VP: I think the typical challenge for adopting a new guidance is there will still be a certain level of ambiguity. Typically, the guidance we receive from the health authorities provides the framework, but they don’t give all the details of how it should be applied. When I reviewed this draft guidance from the FDA, I had hoped there would be an annexe or more examples to provide consistency to sponsors, but I still feel it’s a huge step by the FDA to provide us with this guidance.
The agency touched a lot on the integration of risk-based quality management so for some companies that still have low expertise in this space, that might still be a potential challenge for them in the adoption of this guidance. The important thing in my opinion with risk-based quality management is quality by design. It’s an intelligent way of preparing for issues in advance. A sponsor can look at the design and try to assess what the unnecessary risks and complexities are and whether they can be avoided which will reduce any future ambiguity while adding flexibility. The trial design is the chance to derisk the protocol and remove elements which are not necessary to reduce the workload. Because it’s part of the protocol, the clearer and less complex it is, the fewer unnecessary protocol deviations will occur.

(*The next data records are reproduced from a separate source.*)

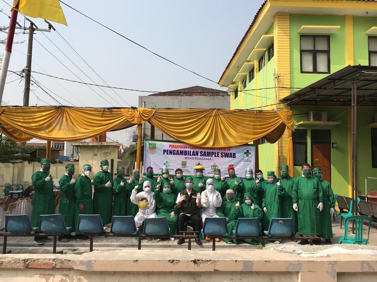 penanganan agresif ini di antaranya dengan melakukan percepatan penanggulangan covid-19 salah satunya adalah kegiatan pengambilan sample tes swab secara masif kepada kontak erat dari orang yang terkonfirmasi positif covid-19 seperti yang di lakukan di Puskesmas mekarmukti tepatnya di jalan lemah abang desa mekarmukti, kecamatan cikarang utara, kabupaten bekasi, jawa barat yang bekerjasana dengan kantor kecamatan cikarang utara, polsek cikarang utara, dan koramil cikarang utara bertempat di halaman puskesmas mekarmukti pada hari rabu tanggal (02/09/2020).
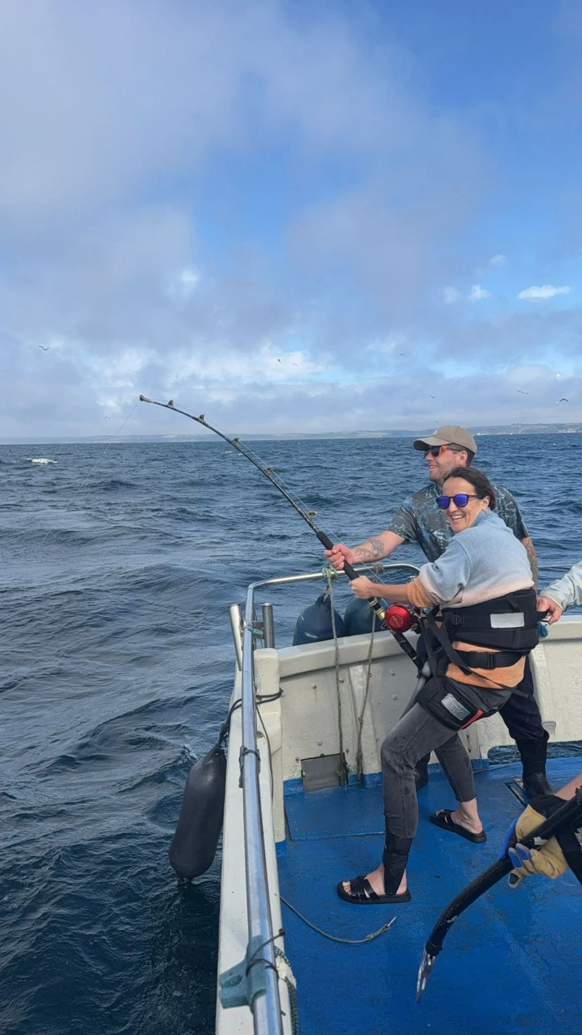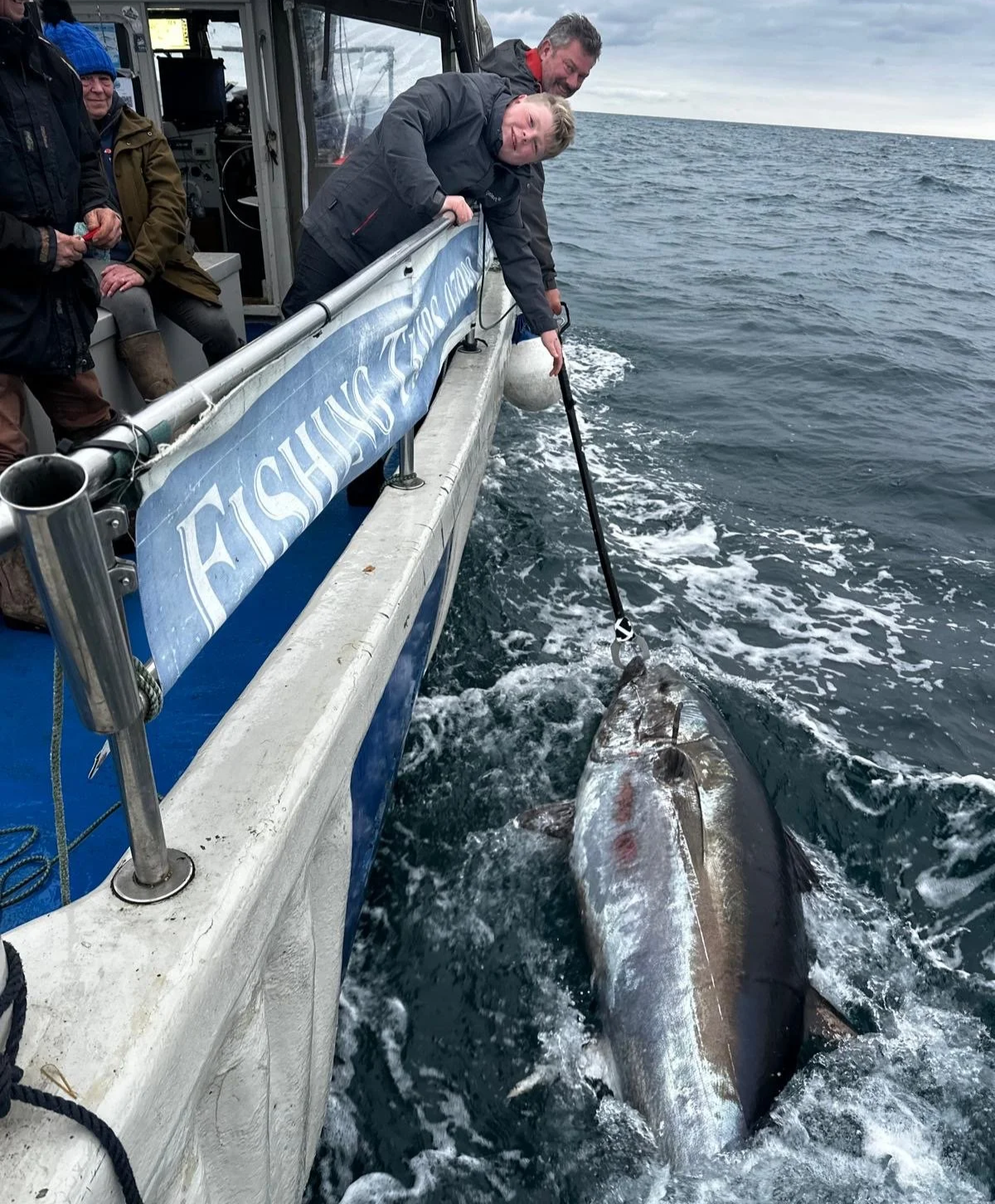 Just some of our happy customers (and happy crew!) catching their first or their fiftieth tuna.
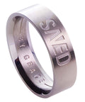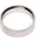 This contemporary stainless steel men's ring is exquisitely crafted and stunningly designed. It gives a wonderful reminder of God's loving grace through His son Jesus Christ as found in the Scripture verse Ephesians 2:8. The top has the word saved in a brushed finish with the words by grace stamped on the inside. The subtle interior polished beveled edge completes the look.
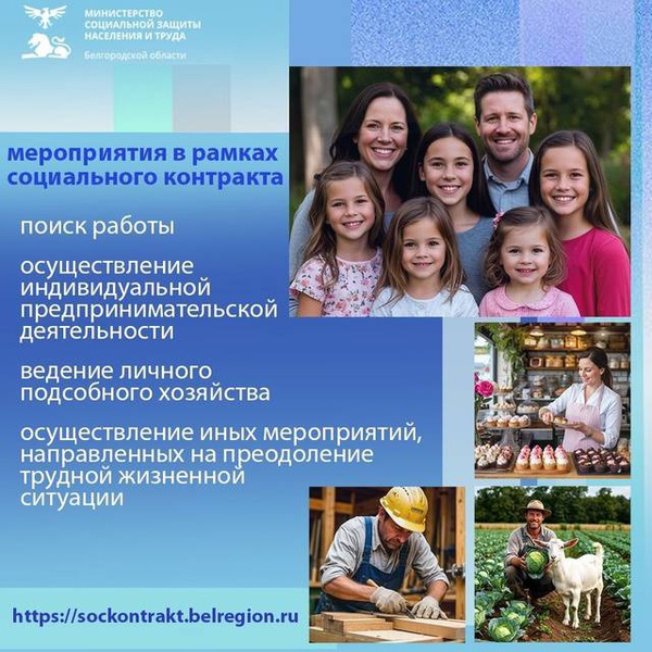 Эта программа помогает малоимущим семьям и одиноким гражданам, чей доход ниже прожиточного минимума, получить поддержку для улучшения своего материального положения. Соцконтракт, в том числе, открывает особые возможности для творческих предпринимателей – можно получить поддержку на открытие мастерской народных промыслов, театральной студии, культурного центра или другого дела в сфере культуры. Стать участником программы можно по четырём направлениям. Подробнее о размерах выплат и порядке участия здесь – sockontrakt.belregion.ru Подать заявление можно через Госулуги по ссылке: clck.ru/37cPMWе

With systems and metrics to measure these deviations, I question how a sponsor will oversee that. A sponsor’s capabilities and approach can vary. The current way protocol deviations are captured in the industry varies from Excel spreadsheets to robust outsourced systems, or in-house developed systems. A sponsor must make sure this guidance aligns with that process, so it supports the trial, and a sponsor can oversee the whole process, whether that process is outsourced or internal, or maybe hybrid. Ensuring that alignment is the responsibility of a sponsor.